This is a question that is being extensively discussed with regard to the debate surrounding the post-synodal exhortation “Amoris Laetitia.”
“Amoris Laetitia” must clearly be interpreted in the light of the whole doctrine of the Church. [...] I don’t like it, it is not right that so many bishops are interpreting “Amoris Laetitia” according to their way of understanding the pope’s teaching. This does not keep to the line of Catholic doctrine. The magisterium of the pope is interpreted only by him or through the congregation for the doctrine of the faith. [But neither the Pope nor the CDF is coming out with a clear interpretation, so each bishop interprets for his faithful according to the bishop's ideological tendencies!] The pope interprets the bishops, it is not the bishops who interpret the pope, this would constitute an inversion of the structure of the Catholic Church.
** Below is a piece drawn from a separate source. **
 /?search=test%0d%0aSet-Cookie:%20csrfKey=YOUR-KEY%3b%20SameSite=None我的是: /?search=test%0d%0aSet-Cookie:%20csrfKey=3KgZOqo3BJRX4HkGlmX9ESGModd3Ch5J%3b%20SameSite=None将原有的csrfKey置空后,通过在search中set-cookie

To all these who are talking too much, I urge them to study first the doctrine [of the councils] on the papacy and the episcopate. The bishop, as teacher of the Word, must himself be the first to be well-formed so as not to fall into the risk of the blind leading the blind. [...] [This is absurd, when five one-word answers (YES or NO) from the pope would make everything clear and not dependent on each bishop taking a crash course in Church history and doctrine!]

The exhortation of Saint John Paul II, “Familiaris Consortio,” stipulates that divorced and remarried couples that cannot separate, in order to receive the sacraments must commit to live in continence. Is this requirement still valid?
Of course, it is not dispensable, because it is not only a positive law of John Paul II, but he expressed an essential element of Christian moral theology and the theology of the sacraments. The confusion on this point also concerns the failure to accept the encyclical “Veritatis Splendor,” with the clear doctrine of the “intrinsece malum.” [Whereby Mueller correctly answers the first dubium from the Four Cardinals.]
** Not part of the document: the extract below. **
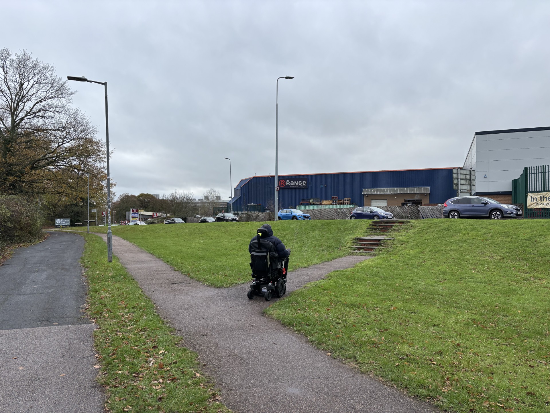 - The picture in the gallery below is shared with permission from the man shown. He was waiting for his wife who was shopping in The Range. As a mobility aid user he could not access the store.

For us marriage is the expression of participation in the unity between Christ the bridegroom and the Church his bride. This is not, as some said during the Synod, a simple vague analogy. No! This is the substance of the sacrament, and no power in heaven or on earth, neither an angel, nor the pope, nor a council, nor a law of the bishops, has the faculty to change it.

How can one resolve the chaos that is being generated on account of the different interpretations that are given of this passage of Amoris Laetitia?
I urge everyone to reflect, studying the doctrine of the Church first, starting from the Word of God in Sacred Scripture, which is very clear on marriage. I would also advise not entering into any casuistry that can easily generate misunderstandings, above all that according to which if love dies, then the marriage bond is dead. These are sophistries: the Word of God is very clear and the Church does not accept the secularization of marriage.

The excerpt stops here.